Sunday, December 25, 2011

Best albums of 2011

1 Mogwai – Hardcore Will Never Die, But You Will
In the past, when people have asked me who my favourite band is they would get a long and quite possibly boring disquisition covering a number of candidates for this honour, but also the difficulties of making a definitive judgement due to variations dependant on mood, selection criteria and associated weighting and how much I am trying to impress the person who asked the question.

But from now on I am just going to say Mogwai.
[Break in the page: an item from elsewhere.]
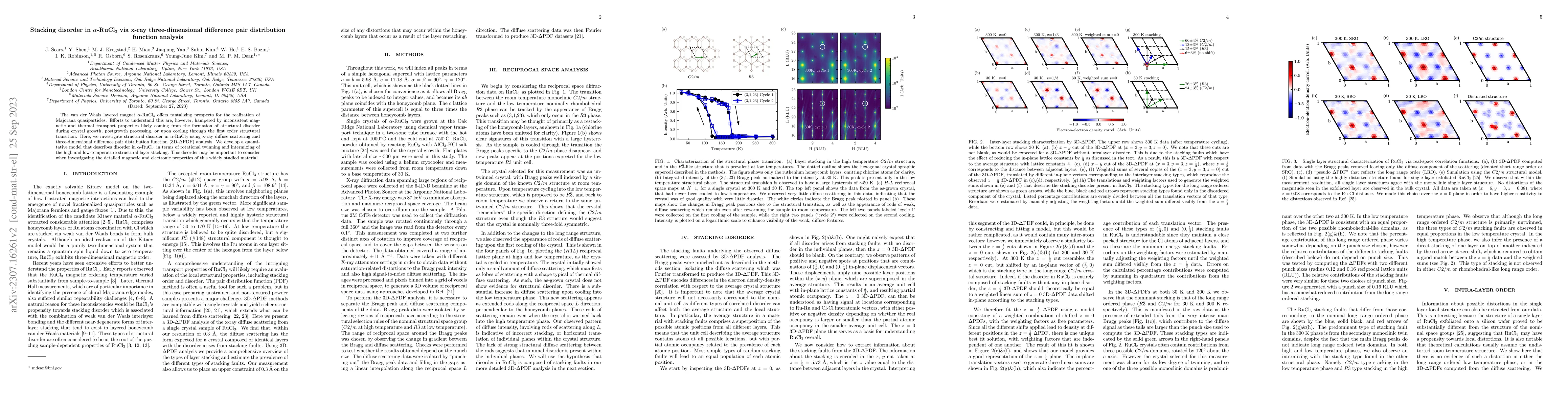 The van der Waals layered magnet $\alpha$-RuCl$_3$ offers tantalizing prospects for the realization of Majorana quasiparticles. Efforts to understand this are, however, hampered by inconsistent magnetic and thermal transport properties likely coming from the formation of structural disorder during crystal growth, postgrowth processing, or upon cooling through the first order structural transition. Here, we investigate structural disorder in $\alpha$-RuCl$_3$ using x-ray diffuse scattering and three-dimensional difference pair distribution function (3D-$\Delta$PDF) analysis. We develop a quantitative model that describes disorder in $\alpha$-RuCl$_3$ in terms of rotational twinning and intermixing of the high and low-temperature structural layer stacking. This disorder may be important to consider when investigating the detailed magnetic and electronic properties of this widely studied material.

I can still clearly remember my first encounter with their singular genius in the Virgin Megastore on Oxford Street. They had Ten Rapid on a listening post on the first floor and something about the striking cover design featuring a small square photo of a freeway bridge with railway lines underneath and a large white m drew me to pick up the headphones. About twenty minutes later my then girlfriend eventually found me and insisted that it was time to leave. Unfortunately there was still another thirteen minutes of the album to go, so she ended up leaving on her own. I am not saying this was the main reason, but the relationship ended quite soon after.

Luckily Mogwai have been a lot more understanding and our relationship is still going strong fourteen years later.

Hardcore Will Never Die, But You Will is their seventh album proper (not counting live albums, EPs and compilations) and it is, it has to be said, a triumph. For a band that deliberately limits their sonic palette they still manage to make the most bold and adventurous music.

From the opening delicate arpeggiated guitar of White Noise to the dying chords of You're Lionel Ritchie every single track is a glorious demonstration of their vision and power as a band. White Noise builds from the delicate beginnings to a swirling crescendo, underpinned by some lovely piano and Martin Bulloch's solid drumming.

Mexican Grand Prix is as close to pop as they are going to get with its hazy vocals, shimmering organ riffs and pumping beat. Back to more familiar Mogwai territory for Rano Pano and its monster distorted guitars and driving percussion.

The delicate and beautiful Letters to the Metro opens out onto the joyous and bouncy George Square Thatcher Death Party. The vocals make a reappearance here and although you can't comprehend the lyrics the sentiments are clear from the title. In my alternative world this would be the Christmas number one this year.

How to be a Werewolf takes a while to get going, but when the drums kick in and the warm tender bass line comes to the front of the mix it irresistibly draws you in and, although joined by a bit of searing guitar and crashing cymbals they remain constant under it all, to be revealed again as the rest of the instrumentation fades away at the end.

The final track, You're Lionel Ritchie, references the classic Mogwai template with almost silent quiet passages interspersed by some of the heaviest and lumbering guitar lines, before dying away in a cloud of distorted chords.

Valhalla Dancehall gave this a good run for their money, but for the sheer exuberance and enjoyment the band have for their music, the way they manage to keep refining and honing their sound to push their boundaries and for their singular vision it had to be Hardcore Will Never Die, But You Will.